Learning Outcome
After this lesson, you should be able to convert each word into a canonical key and use that key to group equivalent strings.
Problem Statement
Given an array of strings, group the anagrams together. The order of groups usually does not matter.
| Input | Output | Why |
|---|---|---|
["eat","tea","tan","ate","nat","bat"] | [["eat","tea","ate"],["tan","nat"],["bat"]] | Words with the same character counts are grouped. |
Brute Force Approach
Compare every word with existing groups by checking whether it is an anagram of the group representative.
This repeats anagram checks many times and becomes harder to manage as the input grows.
Optimized Approach
Create a canonical key for each word. A common key is the sorted word. All anagrams produce the same sorted key, so they can be grouped in a hash map.

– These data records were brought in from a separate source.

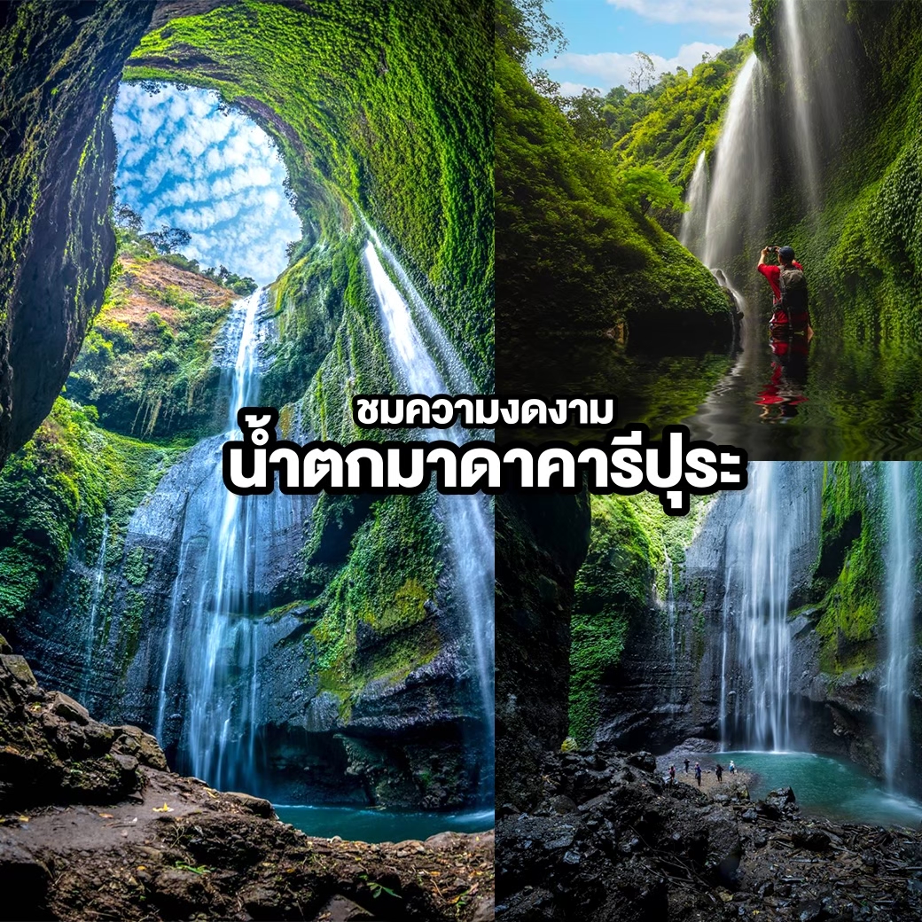 น้ำตกมาดาคารีปุระ (Madakaripura Waterfall) ตั้งอยู่ในอุทยานแห่งชาติ Bromo Tengger Semeru ในเขตชวาตะวันออก ประเทศอินโดนีเซีย เป็นหนึ่งในน้ำตกที่สูงที่สุดและสวยงามที่สุดในภูมิภาคนี้ น้ำตกไหลผ่านหน้าผาสูงชันล้อมรอบด้วยธรรมชาติสีเขียวขจี สายน้ำที่ไหลลงมาเหมือนม่านน้ำสร้างบรรยากาศที่สดชื่นและเงียบสงบ น้ำตกแห่งนี้ยังมีตำนานที่เกี่ยวข้องกับมหาบุรุษชาวชวา Gajah Mada ทำให้น้ำตกมาดาคารีปุระเป็นทั้งแหล่งท่องเที่ยวธรรมชาติและสถานที่เชิงประวัติศาสตร์
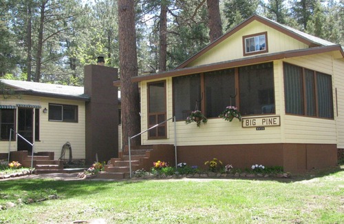 La cabina BIG PINE es una espaciosa cabina de dos pisos con capacidad para 8 personas cómodamente. El dormitorio del piso principal tiene una cama de tamaño completo. Arriba, en el segundo piso, tres habitaciones están conectadas en serie (estilo furgón) separadas por una puerta o puerta tipo salón. Las habitaciones tienen un total de cuatro camas individuales y una cama completa. ¡Habla sobre la gran diversión! ¡Esta es una excelente cabina de escapada para pasar la noche divertidos, como pequeñas Tropas Scout, grupos de jóvenes o simplemente GRANDES familias!
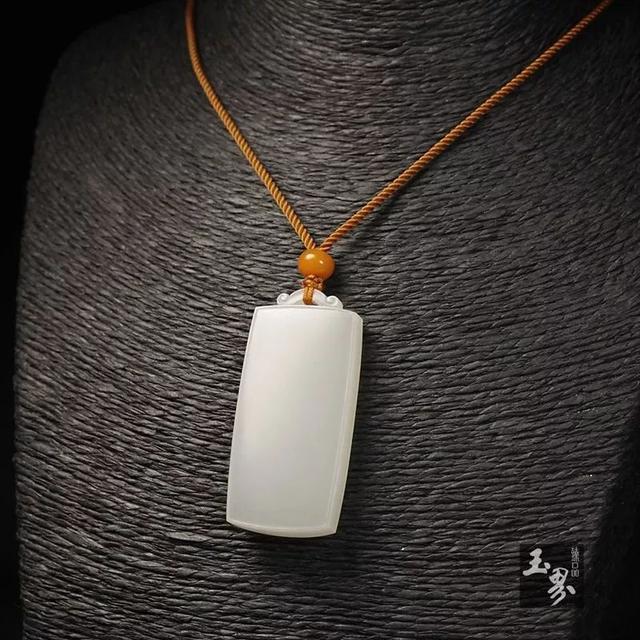 回歸到玉雕藝術層面,素面牌的直線處理可展示力量之美,帶給人強烈的視覺沖擊力,而牌形曲面富于變化,可展示柔和韻律之美,曲直的相互交合能讓作品不顯單調而更具層次變化和韻味。猶如太極般綿里藏針,在圓潤飽滿中見陽剛之美。
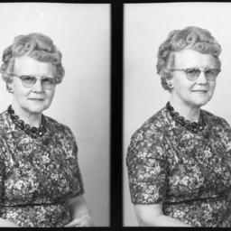 Photo of two separate images of B. Virginia (Heizer) Bashaw with short hair, glasses, and wearing a print dress.
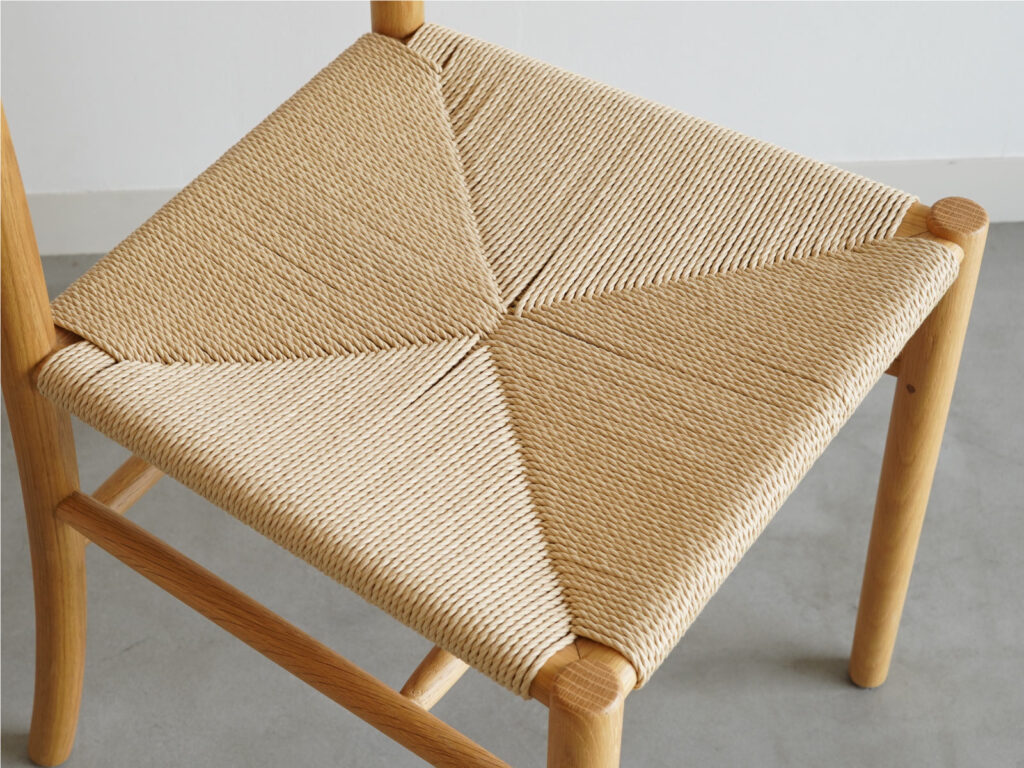 座面には日本製のペーパーコードを使用。適度なテンションと通気性があり、ソフトな座り心地で身体にフィットします。

If the alphabet is fixed, a frequency-count key also works and can avoid sorting each word.
Exact Pseudocode
groups = empty map from key to list
for word in words:
key = sorted characters of word
append word to groups[key]
return all values from groupsReference Code
class Solution:
def groupAnagrams(self, strs):
groups = {}
for word in strs:
key = "".join(sorted(word))
groups.setdefault(key, []).append(word)
return list(groups.values())Sample Dry Run
| word | key | map action |
|---|---|---|
eat | aet | Create group aet -> [eat] |
tea | aet | Append to aet |
tan | ant | Create group ant -> [tan] |
ate | aet | Append to aet |
Complexity
| Measure | Value | Reason |
|---|---|---|
| Time | O(n * k log k) | There are n words and each word of length k is sorted. |
| Space | O(n * k) | The groups store all words and keys. |
Edge Cases
- Empty string as a word.
- Single-word input.
- Duplicate words should appear in the output group.
Interview Checklist
- Explain the canonical key clearly.
- Mention sorted key versus frequency key tradeoff.
- Do not compare every word pair.
FAQs
Why does sorting form a valid key?
Anagrams have exactly the same characters, so their sorted forms are identical.
Can frequency counts be used instead?
Yes. For lowercase English letters, a 26-count tuple is also a strong key.
What is the core pattern?
Hash map grouping by canonical key.